I'm looking for suggestions for a portrait background (paper/cloth). I have seen photographers using different background screens, but being an amateur photographer I don't want to invest money buying many backgrounds - instead I would like to know which would be the best to use for many purpose. That being said I should be able to change / edit background color in Photoshop after the photo shoot.

Color :
Material :
Screen Size :
Where to buy:

  • \$\begingroup\$ There's quite a bit of existing information under the backdrops tag. \$\endgroup\$
    – mattdm
    Commented Apr 14, 2013 at 2:16

5 Answers 5


If you want just one background I'm going to suggest white seamless paper because it's the most versatile, some examples:

  • Point a flash at the background directly behind you subject and it becomes pure white (and easy to mask in Photoshop)

  • Put a soft light source very close the the subject and the background becomes black (or play with the subject-light distance to get different levels of gray).

  • Use a softbox at an angle to create different light-dark gradients on the background.

  • Point a flash with a colored gel at the background to make it any color you want.

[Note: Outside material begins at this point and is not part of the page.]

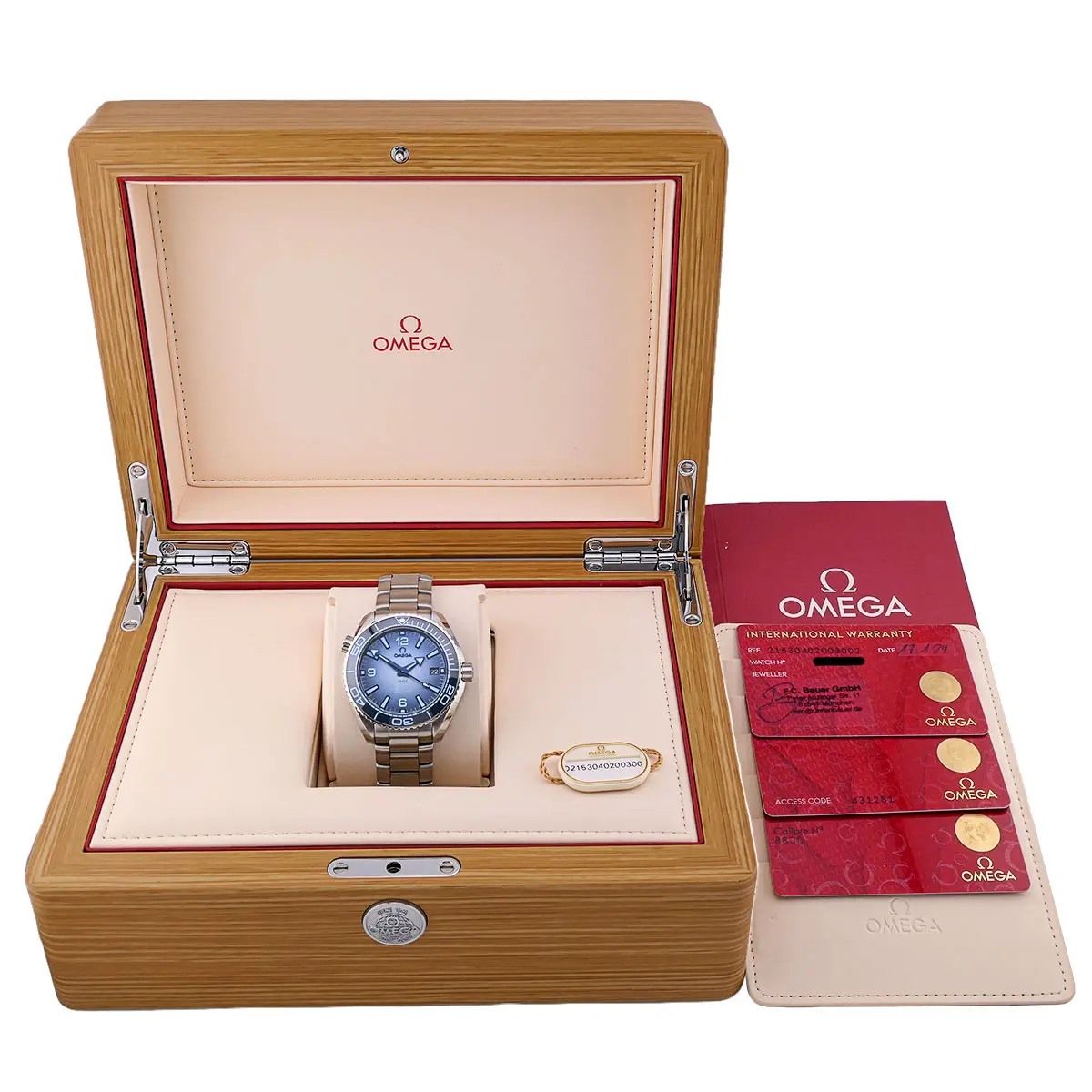 Diese Edition markiert einen signifikanten Meilenstein in der Geschichte der Taucheruhren. Die Referenz 215.30.40.20.03.002 ist Teil der Jubiläumskollektion zum 75-jährigen Bestehen der Seamaster-Linie und besticht durch eine beeindruckende visuelle Tiefe. Das Zifferblatt aus Keramik, versehen mit einem PVD-Finish im Farbton „Summer Blue“, weist einen radialen Farbverlauf auf, der die Lichtverhältnisse in mittleren Meerestiefen symbolisiert. Umrahmt wird dieses Schauspiel von einer blauen Keramiklünette mit einer Tauchskala aus „Grand-Feu“-Emaille in Hellblau.

The size depends on what you are photographing, for head-shots you need a pretty small piece, for full-length group shots you'll need a huge backdrop - look at a typical portrait you like to make and just measure the width of the backdrop to cover your photo's background.

And about where to buy - any good local or on-line shop should do.

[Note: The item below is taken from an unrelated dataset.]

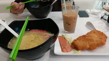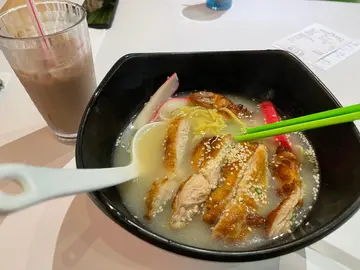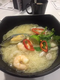 落雨天都唔想行咁遠,所以今日黎左公司隔離大廈既休點食午餐。依到座位都幾多,有啲似canteen既感覺,但唔知係咪因該落雨,差唔多坐滿晒人。午餐選擇同一般茶餐廳差唔多,但價錢好似貴左少少。我就叫左泰式冬蔭海鮮湯米粉,58蚊包埋餐湯同飲品,凍飲唔洗加錢。但食物一上枱,個樣同我平時食既冬蔭公好唔同,雖然聞既時候有冬陰公味,但食落同個樣一樣,味道好淡,唔似冬蔭公味,而且好似用左好多水溝到淡晒。海鮮份量都唔多,蝦係雪藏蝦,青口得一隻,而且啲魷魚好細,似係啲頭頭尾尾整埋一齊,反而米粉既份量就好多。成餐最正常就係杯熱好立克,下次落雨天都係要諗下有冇其他選擇。

I'll follow your example and then give a bit of an explanation...

  • Color : Green or Blue

  • Material : Paper

  • Screen Size : 6' paper is fine for head shots, you can go longer though

  • Where to buy: Any good photography store

What you want is the ability to key out the background and that is what green or blue paper gives you. It's fairly low cost and not all that hard to do. Big things to remember if you want to knock out the background is:

  1. Even lighting.

  2. Avoid shadows on the paper.

  3. Keep the subject far enough away so as to avoid having the background reflect on them.

  4. Make sure your subject isn't wearing the same color. A little easier with two colors to choose from, though you're toast if they wear both... :D

I suggest paper because it's relatively low cost, you can discard the dirty portions, and it's easier to keep smooth and even.

The term you want to search for here and at Google (or your search engine of choice) is "chroma key."


I have a small studio and backdrops are not that expensive. This is my main backdrop: http://www.amazon.com/gp/product/B002C1U5X2/ref=oh_details_o00_s00_i00?ie=UTF8&psc=1


We use sheets for some of our backdrops, just be careful of wrinkles and don't let your subject stand too close. Keep an eye on clearance sections at Walmart or target and you can find queen flat sheets for $6 to $10. I bought light gray, white and flat black and use them often.


As background for some pictures I used white sheets. I think it's easy to achieve as we all have at home.

It also has the advantage that you can light behind the subject being very interesting lighting as the sheet passes some light.

Concerning to green to blue for "chroma-key" only see the point if you also work with video.